Facebook takes a DevX-first approach to growing and evolving their monolithic repo. The repo is responsible for web pages and web servers, leveraging signed, checked, and highly-usable generated code to fulfill all integration and deployment requirements. Generated code offers daily benefits to Facebook’s developers, like auto-resolution of merge conflicts, script verification checkpoints, and time-saving incremental code generation only for files that were changed. Yet as code generation scaled to accommodate more developers, their pain points–like slower processes and broken code sneaking in–also grew in scale. This led the DevX team to take a step back. Learn how their renewed focus on DevX led to improving their existing frameworks and internal language used, as well as creating smart build caches to speed things up.

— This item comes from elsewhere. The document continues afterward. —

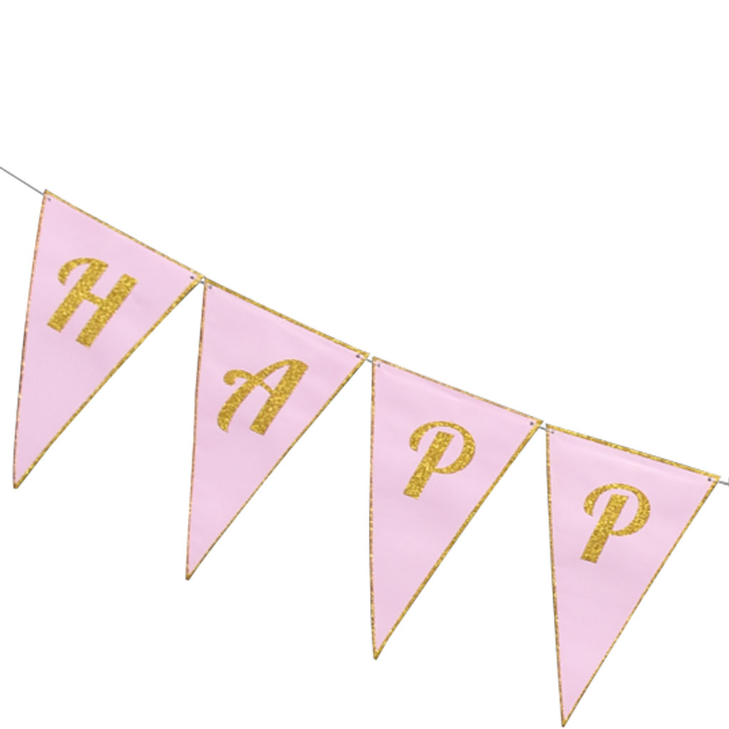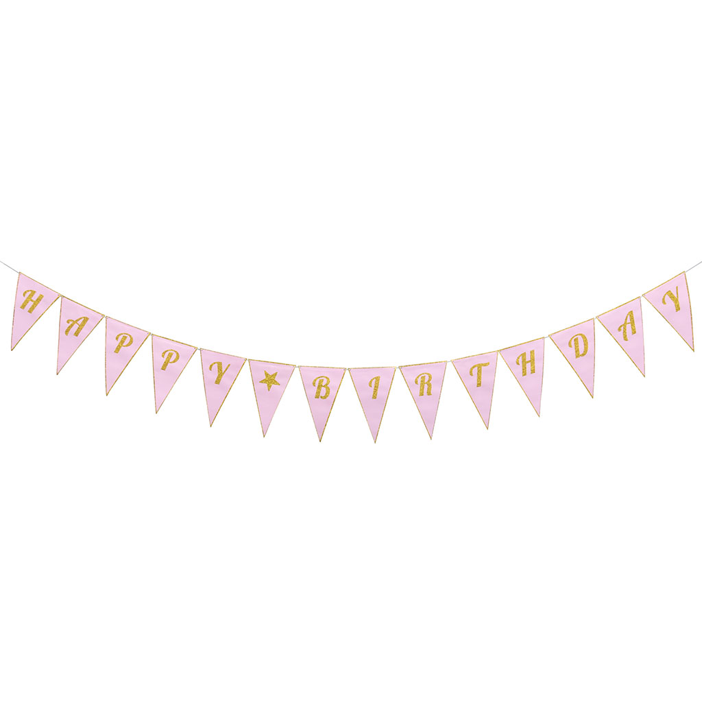שרשרת דגלים לתליה, בצבע ורוד, עם כרזת HAPPY BIRTHDAY המוטבעת בצבע זהב גליטר מנצנץ. שרשרת מרשימה מאוד שלא תשאיר אף חוגג יום הולדת אדיש!

Get an overview of how Facebook (Meta) leveraged code generation to its maximum potential before uncovering its DevX limitations. Learn about the steps the Developer Experience team took to support code gen as a scalable benefit for developers, how it eventually evolved to expose some problematic experiences, and what the Meta team has done recently to find alternatives to code generation.

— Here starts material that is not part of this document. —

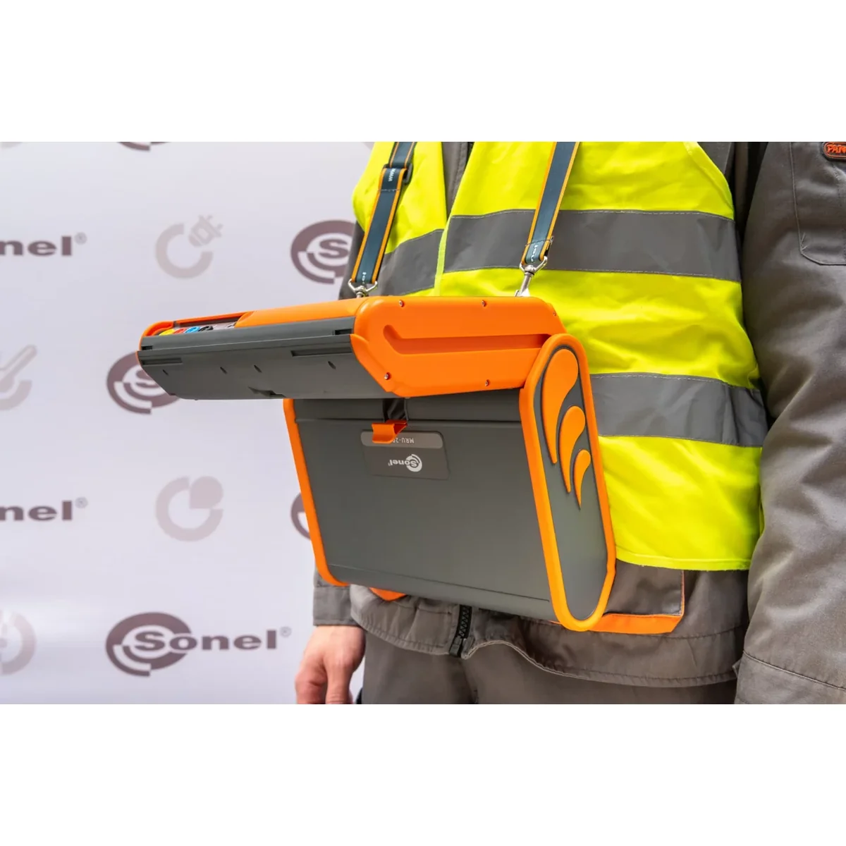 Le imbracature si adattano perfettamente ai contatori Sonel e sono dotate di moschettoni all'estremità. Grigio scuro con elementi arancioni.

Affan Hussain works as a Software Engineer on the Developer Experience team at Facebook (Meta). He loves to help other developers move faster and achieve their goals.

Gradle Enterprise customers use the Gradle Enterprise Performance and Trends dashboards to identify and monitor performance bottlenecks in the build/test process, including code generation and annotation processors. You can learn more about these features in the free instructor-led Build Cache deep-dive training.

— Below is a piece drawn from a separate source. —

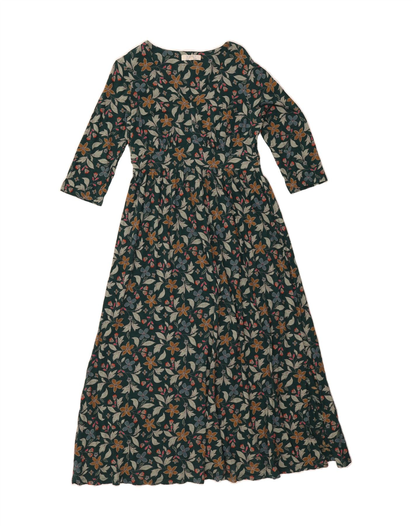 SEASALT Womens 3/4 Sleeve Maxi Dress UK 12 Medium Green Floral Cotton

Check out these resources on keeping builds fast with Gradle Enterprise:
- How to leverage Build Scan™ to keep builds fast.
- Sign up for our free training class, Build Cache Deep Dive to learn more how you can monitor the impact of code generation on build performance.
- Watch a 5-minute video on how to Detect and Fix Performance Regressions using Gradle Enterprise.
Affan: Good afternoon, everyone. I hope you had an enjoyable lunch.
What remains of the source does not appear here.